Records from a dataset
==================================================

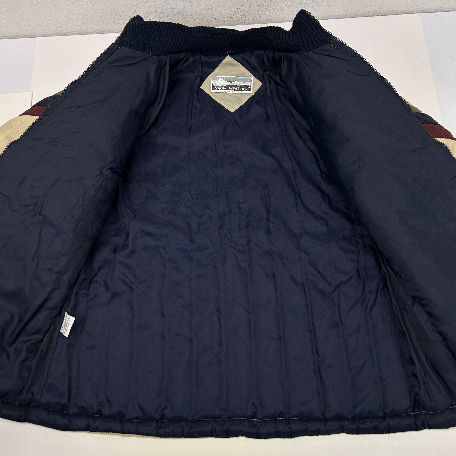 Vintage 80s Snow Weather Puffer Ski Jacket Skier Skiing Snowboarding Snowboarder Beige Womens 20 1/2
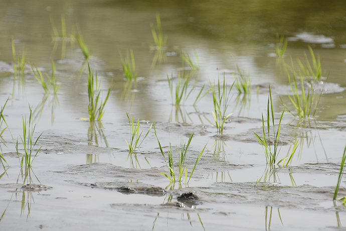 子どもの頃、泥遊びが大好きだった私は躊躇なく田んぼに足を入れました。
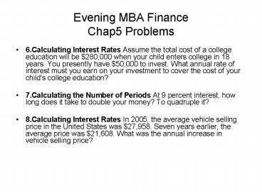Evening MBA Finance Chap5 Problems PowerPoint PPT Presentation
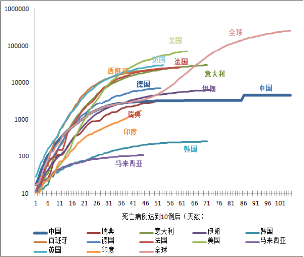 图4 10例后各主要疫情国家死亡病例(5月5日)
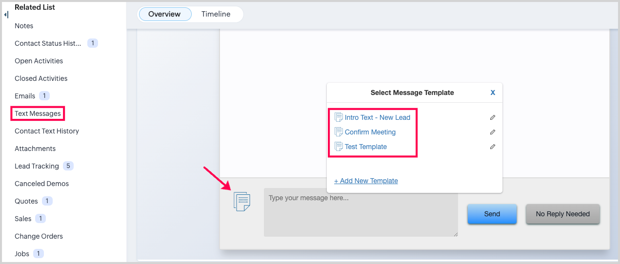 1. From the Contact, navigate to Text Messages using the Related List. Click the Template Button (document icon) and select +Add New Template.
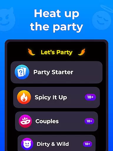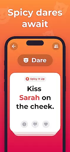 This flexibility extends to customizable truths and dares, empowering players to create their own challenges. Whether you're hosting a casual get-together or looking to spice up date night, the game evolves with your needs. By offering both pre-set categories and the option for personalization, Truth or Dare - Dirty & Spicy caters to a broad spectrum of preferences and comfort levels.
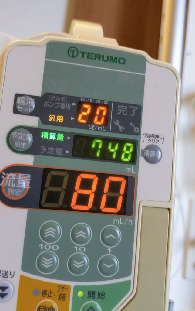 点滴换成了消炎药和营养药。还多了一个输液管理机器。
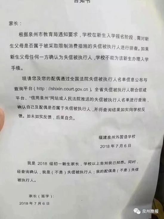 这份落款单位为福建泉州外国语学校的《告知书》在朋友圈热传,大意是,根据泉州市教育局通知要求,父母任何一方是失信被执行人的,学校不能给该新生办理入学手续。
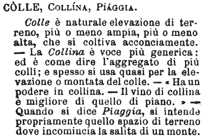 | Colle, Collina, Piaggia - Colle è naturale elevazione di terreno, più o meno ampia, più o meno alta, che si coltiva acconciamente. - La Collina è voce più generica: ed è come dire l'aggregato di più colli; e spesso si usa quasi per la elevazione o montata del colle. - «Ha un podere in collina. - Il vino di collina è migliore di quello di piano.» - Quando si dice Piaggia, si intende propriamente quello spazio di terreno dove incomincia la salita di un monte. [immagine] |
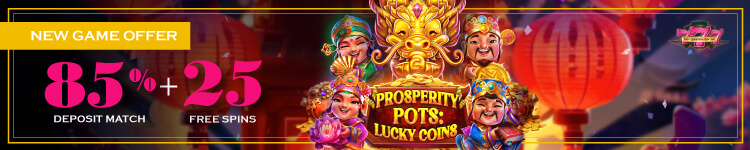 Every time you use this code, we will give you an 85% match bonus and 25 Bonus Spins on Prosperity Pots: Lucky Coins to boost your balance even more.

==================================================

* **WHAT IS NEEDED**:
This exercise calls for a verbatim output of the entries, pictures omitted.

* **EXERCISE RESPONSE**:
 Vintage 80s Snow Weather Puffer Ski Jacket Skier Skiing Snowboarding Snowboarder Beige Womens 20 1/2
 子どもの頃、泥遊びが大好きだった私は躊躇なく田んぼに足を入れました。
Evening MBA Finance Chap5 Problems PowerPoint PPT Presentation
 图4 10例后各主要疫情国家死亡病例(5月5日)
 1. From the Contact, navigate to Text Messages using the Related List. Click the Template Button (document icon) and select +Add New Template.
 This flexibility extends to customizable truths and dares, empowering players to create their own challenges. Whether you're hosting a casual get-together or looking to spice up date night, the game evolves with your needs. By offering both pre-set categories and the option for personalization, Truth or Dare - Dirty & Spicy caters to a broad spectrum of preferences and comfort levels.
 点滴换成了消炎药和营养药。还多了一个输液管理机器。
 这份落款单位为福建泉州外国语学校的《告知书》在朋友圈热传,大意是,根据泉州市教育局通知要求,父母任何一方是失信被执行人的,学校不能给该新生办理入学手续。
 | Colle, Collina, Piaggia - Colle è naturale elevazione di terreno, più o meno ampia, più o meno alta, che si coltiva acconciamente. - La Collina è voce più generica: ed è come dire l'aggregato di più colli; e spesso si usa quasi per la elevazione o montata del colle. - «Ha un podere in collina. - Il vino di collina è migliore di quello di piano.» - Quando si dice Piaggia, si intende propriamente quello spazio di terreno dove incomincia la salita di un monte. [immagine] |
 Every time you use this code, we will give you an 85% match bonus and 25 Bonus Spins on Prosperity Pots: Lucky Coins to boost your balance even more.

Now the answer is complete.